There is plenty of availalbility of furnished houses as more and more people are turning to renting their properties out because they cannot sell them.

Veronica


----------



## chrisgarner (Dec 1, 2008)

*thanks*



Veronica said:


> Hi Chris,
> If you want a private pool you will need to be looking at at least 700euros per month. Of course just how much depends on the location and the general state of the property.
> There is plenty of availalbility of furnished houses as more and more people are turning to renting their properties out because they cannot sell them.
> 
> Veronica


Hi Veronica,
Thank you for the speedy reply, we were thinking of a rental figure in the region of 700 - 900 euros per month so it sounds as though we should be ok, depending, as you say, on area and condition.
It's also comforting to hear there is no shortage of furnished houses to rent, this was something I was particularly concerned about.
Thank you again
Chris Garner


----------



## johnsymonds (Sep 3, 2008)

chrisgarner said:


> Myself and partner planning to move to Cyprus later this year and would prefer to long term rent rather than buy a property.
> We are seeking advice on the state of the rental market at present.
> What is the market like currently for long term rental properties? i.e. plenty of properties available or not !!
> As we would prefer not to ship a household of furniture what is the situation re furnished properties as opposed to unfurnished?
> ...


What you are proposing is definitely the best way to check out Cyprus and see if it is right for you in the long term.

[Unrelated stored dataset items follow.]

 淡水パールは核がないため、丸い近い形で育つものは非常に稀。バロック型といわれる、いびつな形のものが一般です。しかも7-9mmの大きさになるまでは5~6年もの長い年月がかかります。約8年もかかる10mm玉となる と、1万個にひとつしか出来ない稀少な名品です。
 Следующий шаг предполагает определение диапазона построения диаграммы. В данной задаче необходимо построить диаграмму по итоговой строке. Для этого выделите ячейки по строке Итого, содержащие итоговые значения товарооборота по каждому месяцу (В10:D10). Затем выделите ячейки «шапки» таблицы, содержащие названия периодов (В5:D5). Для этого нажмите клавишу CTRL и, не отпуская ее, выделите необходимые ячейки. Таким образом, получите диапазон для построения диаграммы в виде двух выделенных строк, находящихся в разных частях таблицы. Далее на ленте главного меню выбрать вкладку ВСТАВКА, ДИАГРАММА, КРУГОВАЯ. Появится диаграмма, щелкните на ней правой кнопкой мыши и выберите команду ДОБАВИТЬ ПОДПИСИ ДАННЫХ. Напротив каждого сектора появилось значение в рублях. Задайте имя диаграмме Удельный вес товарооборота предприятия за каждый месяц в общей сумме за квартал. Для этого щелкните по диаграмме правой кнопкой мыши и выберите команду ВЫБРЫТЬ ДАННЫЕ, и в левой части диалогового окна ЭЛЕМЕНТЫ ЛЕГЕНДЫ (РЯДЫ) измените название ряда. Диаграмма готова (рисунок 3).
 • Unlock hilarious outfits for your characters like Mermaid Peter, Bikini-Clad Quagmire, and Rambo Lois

There are lots of rental properties available due to the economic downturn. 2-3 bedroom houses/villas are available from around 450 - 600 euros per month but as soon as you add the private pool, the rentals go up to 700 - 800 per month.

Probably best to come out on a holiday package for 2 weeks or so and use that time to look around and find a place that suits you for the longer term.

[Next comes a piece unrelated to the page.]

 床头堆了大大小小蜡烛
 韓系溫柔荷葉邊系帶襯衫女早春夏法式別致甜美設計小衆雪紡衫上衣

Also, dont forget that there are 2 main tourist areas; Paphos and Ayia Napa/Protaras with Larnaca and Limmasol in between so there is a lot to see and lots to chose from.


----------



## chrisgarner (Dec 1, 2008)

johnsymonds said:


> What you are proposing is definitely the best way to check out Cyprus and see if it is right for you in the long term.
> 
> There are lots of rental properties available due to the economic downturn. 2-3 bedroom houses/villas are available from around 450 - 600 euros per month but as soon as you add the private pool, the rentals go up to 700 - 800 per month.
> 
> ...


Thanks for your advice John and it's gratifying to see that your advice coincides very much with that of Veronica's earlier. The sort of rental cost you both suggest are good for us and roughly what we hoped for.
I have spent quite a lot of time in Cyprus over the years so am reasonably familiar with the geography and the different areas although we are inclined to wait until we move before making a decision as to which part of the Republic we would prefer, probably rent an apartment for a few weeks first and spend that time exploring to find the area we prefer then search for housing there.
Thanks again
Chris G


----------